Rischia frustate e pene corporali nel suo Paese, odissea giudiziaria per una giovane islamica

Nel Paese da cui proviene le punizioni previste dal diritto di famiglia per le donne sono corporali, quantomeno eseguite con le frustate

Le lungaggini della giustizia italiana, che si sommano al diritto di famiglia islamico, rischiano di mettere a repentaglio l’incolumità di una giovane araba di 26 anni, dal momento che nel Paese da cui proviene le punizioni per le donne sono corporali, quantomeno eseguite con le frustate. La giovane risiedeva a Forlì alcuni anni fa ed era già ritornata nel suo Paese, in Medioriente. Da alcune settimane, però, è tornata in città appositamente per formalizzare la separazione rispetto a un matrimonio contratto nell’aprile del 2019 in Comune, con un uomo con cui ora non ha più contatti. Una volta fissata la data dell’udienza in Tribunale, ha quindi fatto il biglietto aereo ed è giunta qui. 

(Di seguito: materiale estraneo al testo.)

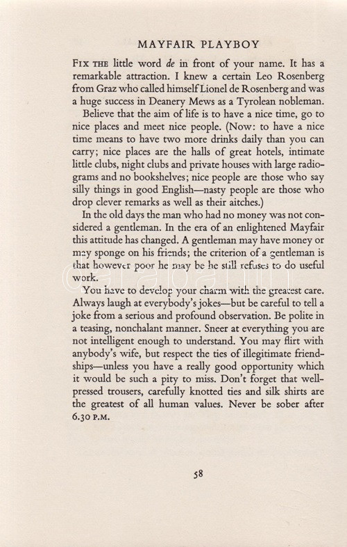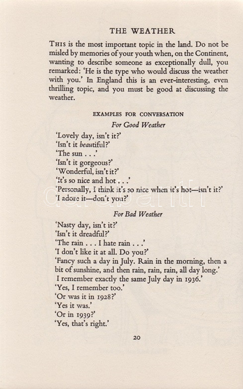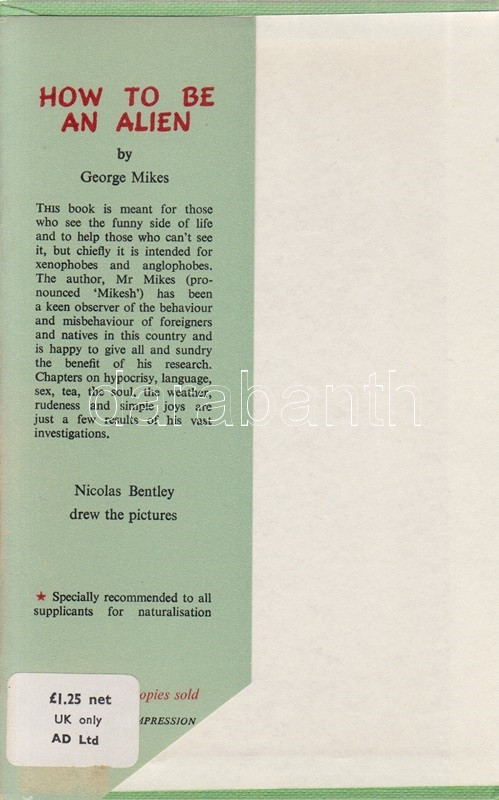 Az angol élet furcsaságairól írt Mikes-humoreszkeket az 1946. évi első kiadástól Nicolas Bentley egész oldalas és szövegközti karikatúrái kísérik. Példányunk a mű harminckettedik nyomásából származik. Magyar változata ,,Anglia papucsban" címmel jelent meg, 1947-ben, a koalíciós idők után egészen az 1980-as évek közepéig nem jelent meg Magyarországon kötete a nem mellékesen a Szabad Európa Rádió munkatársaként is működő humoristának. A címoldalon a szerző saját kezű aláírása.

L’atto di separazione è necessario in quanto ha allacciato una nuova relazione sentimentale nel suo Paese. Ma lì è vietato per una donna formalmente sposata la convivenza con un altro uomo, una situazione che può essere interpretata come una forma di adulterio, che nel diritto islamico è severamente punito in particolare quando è la donna a compierlo. L’omologa della separazione dovrebbe avere un iter veloce, dal momento che non ci sono figli minori e rapporti economici in atto con il precedente compagno. Tuttavia, dopo 4 mesi dalla richiesta in Tribunale, l’udienza per la separazione legale è stata posticipata già due volte: prima era prevista per il 9 marzo, poi un’altra che si sarebbe dovuta tenere oggi, giovedì, poi un ulteriore rinvio al 27 aprile. E intanto la giovane vive da un mese e mezzo in un appartamento preso in affitto, in attesa dell’incontro col giudice. Ed ora a quanto pare ci dovrà rimanere ancora un mese, se i tempi non saranno accelerati.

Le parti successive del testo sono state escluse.